Miranda Forrester often carries a soft, translucent sensation in her paintings, which is present in the new body of works for ‘Arrival’. The softness in the works almost correlate to the gentleness of a mother’s love, care and nurture, which Forrester crafts very carefully with warm palettes and moderate brushstrokes. At the same time, the energy and detailed crosshatching speaks of the laborious work Forrester puts in as a painter in her craft and has an underlying relatability and metaphorically encapsulates the vigorous work of a mother.
The artist encapsulates her celebration and profoundness of queer parenthood, moreover, motherhood, which is transforming the imbedded notions of the traditional perception of maternity.
About the Artist
Miranda Forrester lives and works in London. She holds a BA in Fine Art Painting from the University of Brighton.
Miranda Forrester explores the queer Black female gaze in painting vis a vis the history of men painting women naked. Her work addresses the invisibility of Black women in the western history of art. She investigates how painting can re-articulate the language and history of life drawing through a queer Black feminist and desiring lens.

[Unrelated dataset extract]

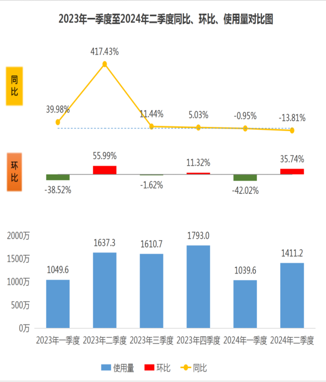 圖1:2023年一季度至2024年二季度同比、環(huán)比、使用量對比圖

In doing so, she depicts what the male gaze may not be able to see.
Forrester says: “My work is a celebration of women’s bodies, the joy in occupying feminine identities and being in relation with one another.”
Recent solo and group exhibitions include: Like Paradise, Claridges Art Space, Curated by Ekow Eshun, London, UK (group – 2023); Hauntology: Ghostly Matters, Mariane Ibrahim Gallery, Chicago IL, USA, (group - 2023); Somatic Markings, Kasmin, New York NY, USA (group - 2022); Our Land Just Like a Dream, Macaal, Marrakech, Morocco (group - 2022); The Company She Keeps, Tiwani Contemporary, Lagos, Nigeria (group - 2022); Hard as Nails, Quench Gallery, Margate, UK (group - 2022); At Peace, Gillian Jason Gallery, London, UK (group - 2021); Small is Beautiful, Flowers Gallery, London, UK (group - 2021); Sixty- Six London, St George’s Place, London, UK (group - 2021); Reality Check, Guts Gallery, London, UK (group - 2021); Poetic Sustenance,Tiwani Contemporary, London, UK (group - 2021); Abode, Guts Gallery, London, UK (solo - 2020); Every Woman Biennial, Copeland Gallery, London, UK; Top 100 (The Auction Collective), London, UK; When s**t hits the fan again, Guts Gallery (online); Miranda Forrester & Emily Moore, Phoenix, Brighton, UK; Narrating Life, Studio Gallery, St Moritz, Switzerland; Pending, San Mei Gallery, London, UK; Antisocial Isolation, Saatchi Gallery, London, UK; Begin Again, Guts Gallery, London, UK; Online exhibition raising funds for The Free Black Uni; FBA Futures, Mall Galleries, London, UK; PLOP End of residency show, The Koppel Project, London, UK; Mercurial Matters: The Organic Feminine, Lock-in Gallery, Hove, London; How did we get here - Decolonising the Curriculum, Brighton University, Brighton, UK.